Il fut un temps, j'aurais même adoré cette cacophonie et me serais mêlé avec grande joie aux diverses conversations. Mais en ce moment... Avec mon pouvoir coulant entre mes mains pour un rien, j'ai tendance à éviter la foule. Elin a raison de s'inquiéter. Je ne vais pas bien. Et je ne pense pas que le temps puisse y faire grand-chose...

Tout en soupirant, j'abandonne mes écouteurs, devenus bien inutiles face aux rires des loups. Ma bulle protectrice explose, et me laisse un instant incertaine de la marche à suivre. J'en suis presque à me dire que fuir pour manger dans ma chambre vaut le courroux du médecin quand un sifflement retentit au loin, me faisant lever la tête. Je croise alors le regard de Stevan, qui, le sourire aux lèvres, m'invite d'un geste à le rejoindre.

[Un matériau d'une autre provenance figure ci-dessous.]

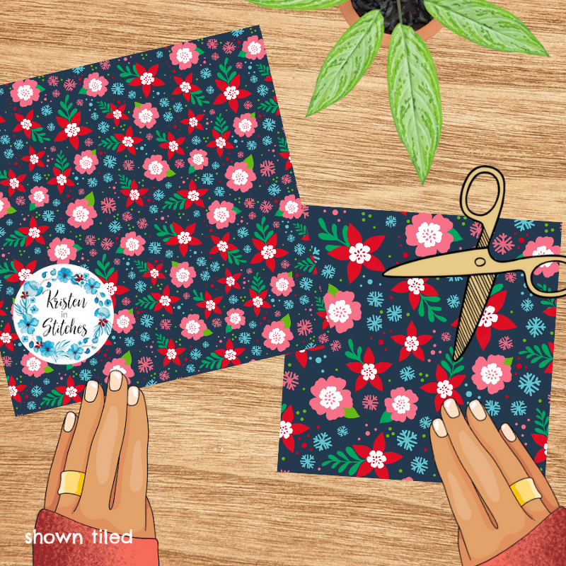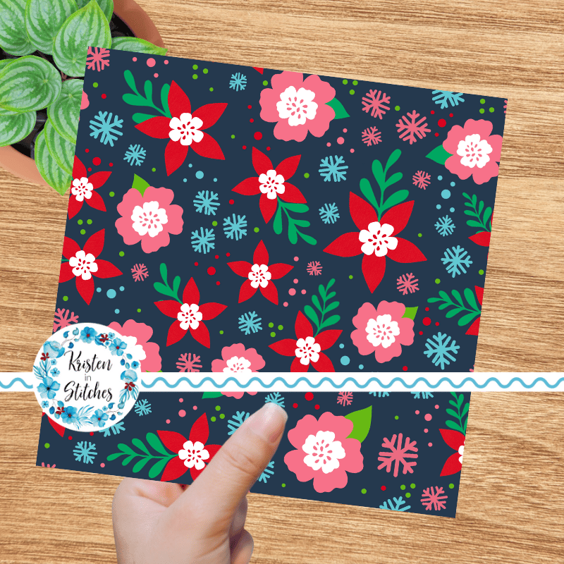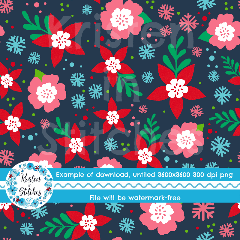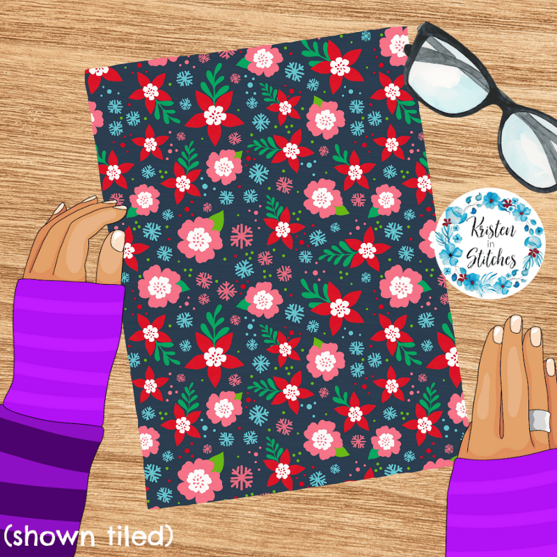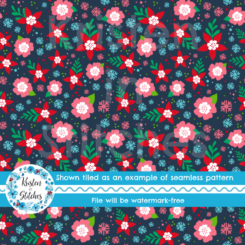 Festive Christmas Holiday Floral Seamless Pattern, Red and Pink Flowers, Navy

En traînant les pieds, je me fraye un chemin jusqu'à sa table, slalomant entre les bancs, les gestes maladroits de certains et les jambes étendues des autres. Ce n'est qu'en arrivant à sa hauteur que je prends conscience que la troupe au complet de Druvath est attablée avec lui. Les jumeaux se tiennent à l'opposé de mon ami, ce qui ne m'étonne pas le moins du monde. Lors de notre escarmouche malencontreuse, Dimitri a bien failli étouffer Hanor.

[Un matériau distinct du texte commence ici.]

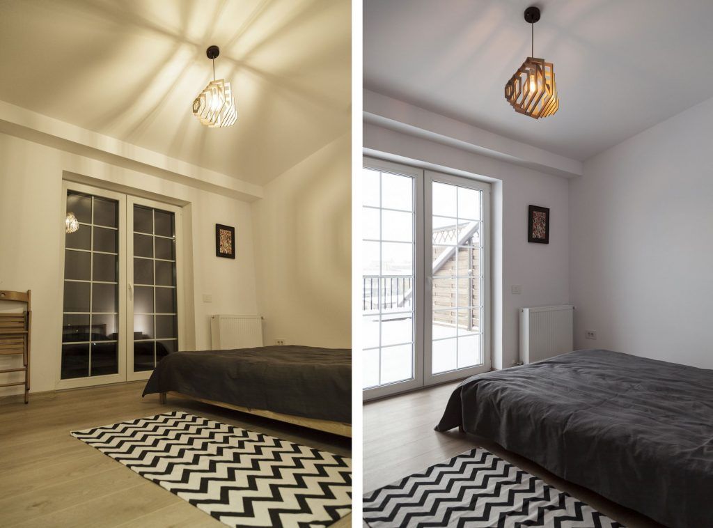 In zona de noapte, amenajarea pastreaza tonul minimalist abordat in living; patul din lemn a fost intentionat scurtat pe inaltime pentru a nu incarca vizual camera.

Celui-ci ne lui en a pas tenu rigueur, ayant jugé leur combat de bonne guerre. Seulement, son frère, Hermias n'a pas apprécié. Sa morsure, qui a tenu si longtemps mon âme sœur dans l'infirmerie est là pour le prouver. Et bien que de l'eau soit passée sous les ponts, le loup n'aime pas voir les vampires circuler aussi librement dans les couloirs.

Hanor, bien qu'il m'adresse un fin sourire à mon arrivée, le soutient silencieusement, et évite, la plupart du temps, de prendre part à la conversation lorsque Stev ou moi interagissons. À l'inverse, le jeune Zéphin parle avec grand entrain, Stevan l'écoutant bien attentivement, même si sa main effleure la mienne lorsque je passe non loin de lui. Si je capte quelques bribes de leur discussion, je n'interviens pas.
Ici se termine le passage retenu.